Сам эпизод бегства, взлет вверх тормашками и выворот наизнанку занимает четверть часа. Человек заявляет — самому себе! — не стыдясь перепутавшихся между собой пафосности и банальности, что заводить любовниц нельзя, супруги не должны изменять друг другу, ближнего надо любить, в Б-га и во все, что Он сказал через Моисея и других своих посланников, верить самозабвенно. Что люди — ученые, философы, мыслители, тем более политики — ничего по-настоящему не знают и знать не могут. Что окружающий мир — продажный, гнилой, тухлый от и до и его можно только ненавидеть.

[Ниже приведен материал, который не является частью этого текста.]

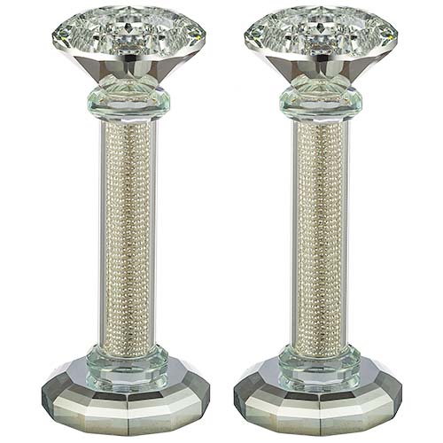 / זוג פמוטי קריסטל מהודרים עם יהלומים לבנים וקנים כסף 16.5 ס"מ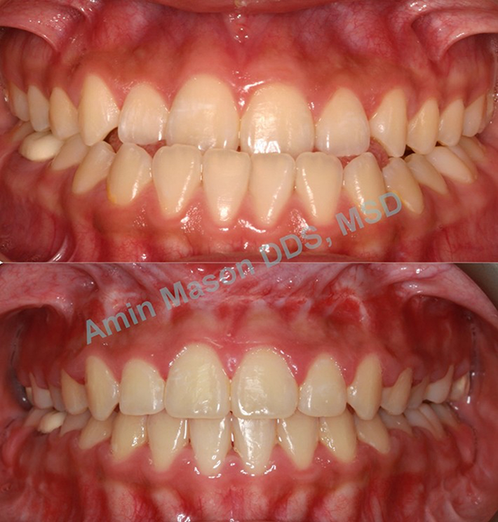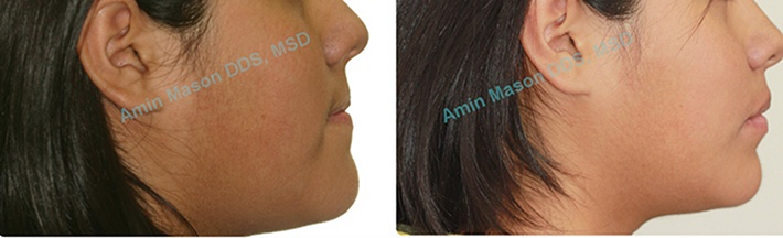 The following patient presented with a class II profile with a deficient lower jaw. Patient refused surgical treatment and elected to only align her teeth.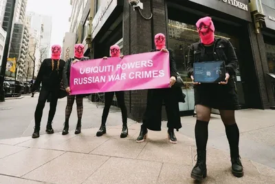Pussy Riot провели антивоенную акцию у офиса компании Ubiquiti Вчера в Нью-Йорке участницы группы Pussy Riot провели акцию возле офиса компании Ubiquiti на Манхэттене. Они потребовали привлечь компа

А искусство и средства информации занимаются исключительно зомбированием.

Читая этот возмущенный монолог, эти потертые за тысячи лет разоблачительные откровения и приевшиеся проповеди, жмешься и кривишь улыбку. Мы все взрослые, современные, наши прадеды, может, так и жили, но подражать им не тянет. Мир, взгляды, нравственность — все с тех пор переменилось. Кроме всего, даже если то и это у нас действительно не хорошо, это наше. Не я согрешу, так другой, порочен не отдельный человек, а человечество в целом.

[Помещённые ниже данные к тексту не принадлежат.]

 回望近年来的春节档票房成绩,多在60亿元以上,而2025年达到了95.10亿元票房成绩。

Против этого и восстает Толстой. Простая, привычная жизнь Ивана Ильича была самая обыкновенная — то есть самая ужасная, утверждает он. В том же хочет убедить своего читателя Зингер. Только Толстой предлагает выход в нравственном усилии самосовершенствования, а Зингер в полном и безоглядном возвращении к изначальной, идущей от первого завета, вере отцов. Занимать такую позицию, а главное, публично объявлять о ней в конце XIX столетия в мире, «освобождающемся от устаревшей морали», требовало определенной смелости. В конце XX, из-за дальнейшего отката от вековых принципов — не меньшей, хотя по той же причине это уже производило впечатление слабее, чем у Толстого. По тому, как идет дело, очевидно, что к концу XXI понадобится еще большая — и еще менее эффективным будет результат.

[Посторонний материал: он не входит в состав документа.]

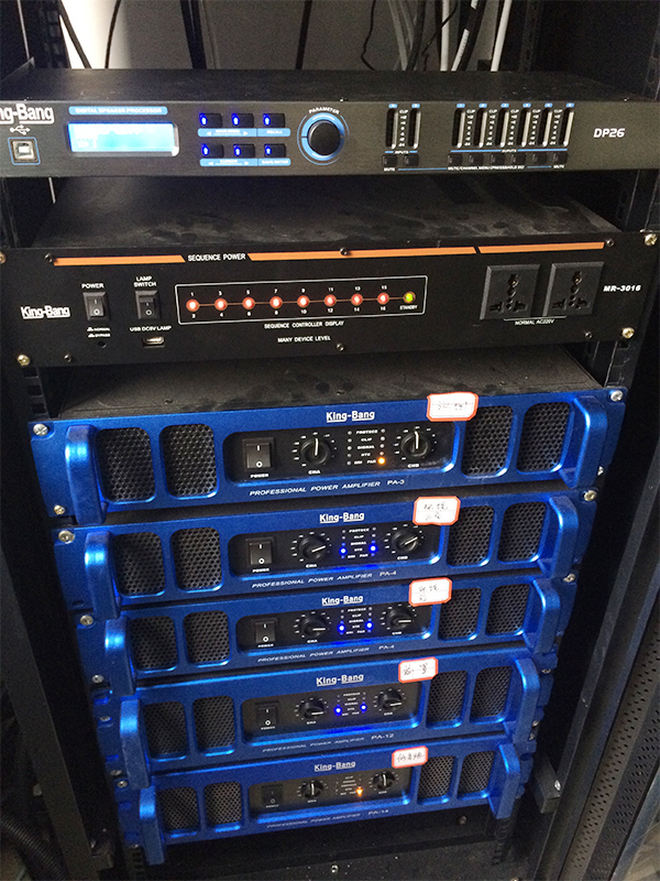放大设备——指对经过调控设备混音输出、信号处理后的信号进行后级功率放大设备,这里指专业功率放大器;重放设备——指将经过后级功率放大器放大的音频信号进行电—声转换并释放表现出来人耳可懂的声频信号的设备,这里指扬声器;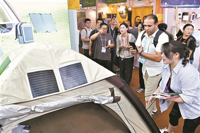 在广交会上,除了家用电器的技术创新,还有很多藏在生活当中的绿色低碳小设计。比如深圳市迪晟能源技术有限公司带来的一款太阳能充气帐篷就不需要支架,拿起一个包说走就走。据介绍,通过用电给帐篷充气,两分钟的时间就能够搭起一个帐篷。

Собственно говоря, эта тенденция наглядно проявляется в самом «Раскаявшемся». На протяжении 180 страниц герой внушительно и, сужу по собственной реакции, с успехом убеждает в искренности и правильности своего, поступка. С толстовской прямотой, без уловок излагая историю своей жизни, он приводит читателя к пониманию неизбежности разрыва с настоящим и необходимости предать себя тому прошлому — а в действительности тому навеки неизменному, — что отбрасывается новым поколением людей, в частности евреев. А затем, на последних четырех страницах Зингер, уже от себя, признается, что решение своего героя уважает, однако не разделяет. Бунт и молитва, говорит он, сопротивление и смирение, вера и сомнение, отчаяние и надежда совмещаются в нашей душе. Если бы этого не было, мы потеряли бы «величайший дар, полученный нами от Б-га, — свободу выбора».

По-русски эта книга вышла в свет в 2006 году, переиздана несколько раз. Стало быть, спрос на то, о чем она написана, есть. Для тех, кто сталкнулся с миром, она приоткрывает заржавленные ворота во двор веры. Тем, кто внутри этого двора, она напоминает, что вера не делает жизнь справедливой и милосердной.